◆ **ASSIGNMENT**: Wherever a line below holds the word "lights", copy that line.

◆ **EXERCISE INPUT**:
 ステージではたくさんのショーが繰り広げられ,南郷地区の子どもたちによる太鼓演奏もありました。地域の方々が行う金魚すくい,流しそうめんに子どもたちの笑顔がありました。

--

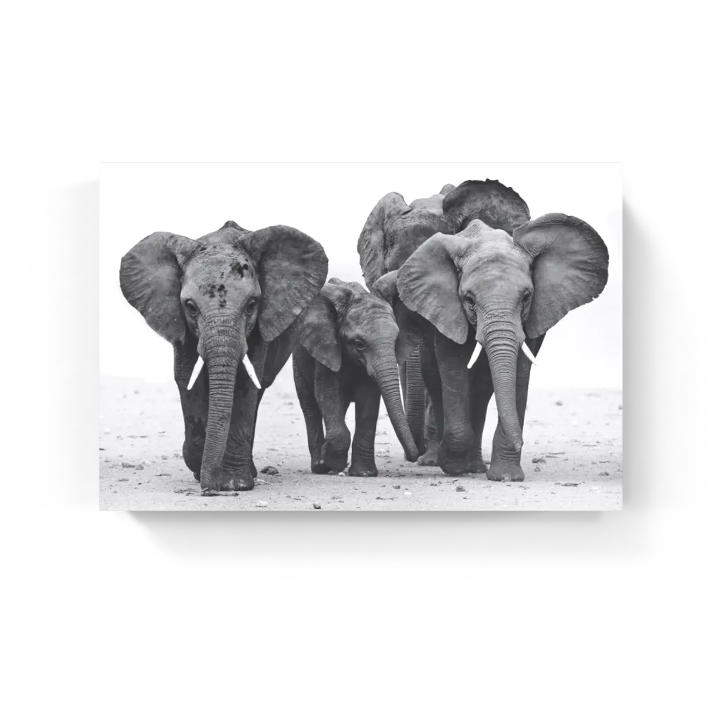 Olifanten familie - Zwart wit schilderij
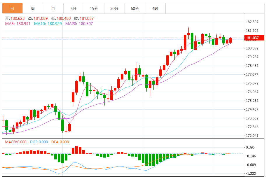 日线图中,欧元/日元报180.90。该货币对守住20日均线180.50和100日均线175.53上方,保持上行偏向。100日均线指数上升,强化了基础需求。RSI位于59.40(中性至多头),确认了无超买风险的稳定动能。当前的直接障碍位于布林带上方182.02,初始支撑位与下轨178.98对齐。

* * *

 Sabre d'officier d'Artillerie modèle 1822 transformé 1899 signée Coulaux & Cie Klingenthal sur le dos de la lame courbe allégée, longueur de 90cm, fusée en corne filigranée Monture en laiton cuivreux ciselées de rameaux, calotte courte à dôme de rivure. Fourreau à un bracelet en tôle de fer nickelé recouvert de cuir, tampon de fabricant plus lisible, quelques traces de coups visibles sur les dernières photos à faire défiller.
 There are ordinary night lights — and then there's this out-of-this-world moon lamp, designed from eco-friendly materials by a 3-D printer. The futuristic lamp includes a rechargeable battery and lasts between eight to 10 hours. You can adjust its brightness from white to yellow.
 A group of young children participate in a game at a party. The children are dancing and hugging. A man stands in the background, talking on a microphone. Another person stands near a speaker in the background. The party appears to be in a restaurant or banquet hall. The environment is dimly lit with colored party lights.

◆ **FINISHED TASK**:
 There are ordinary night lights — and then there's this out-of-this-world moon lamp, designed from eco-friendly materials by a 3-D printer. The futuristic lamp includes a rechargeable battery and lasts between eight to 10 hours. You can adjust its brightness from white to yellow.
 A group of young children participate in a game at a party. The children are dancing and hugging. A man stands in the background, talking on a microphone. Another person stands near a speaker in the background. The party appears to be in a restaurant or banquet hall. The environment is dimly lit with colored party lights.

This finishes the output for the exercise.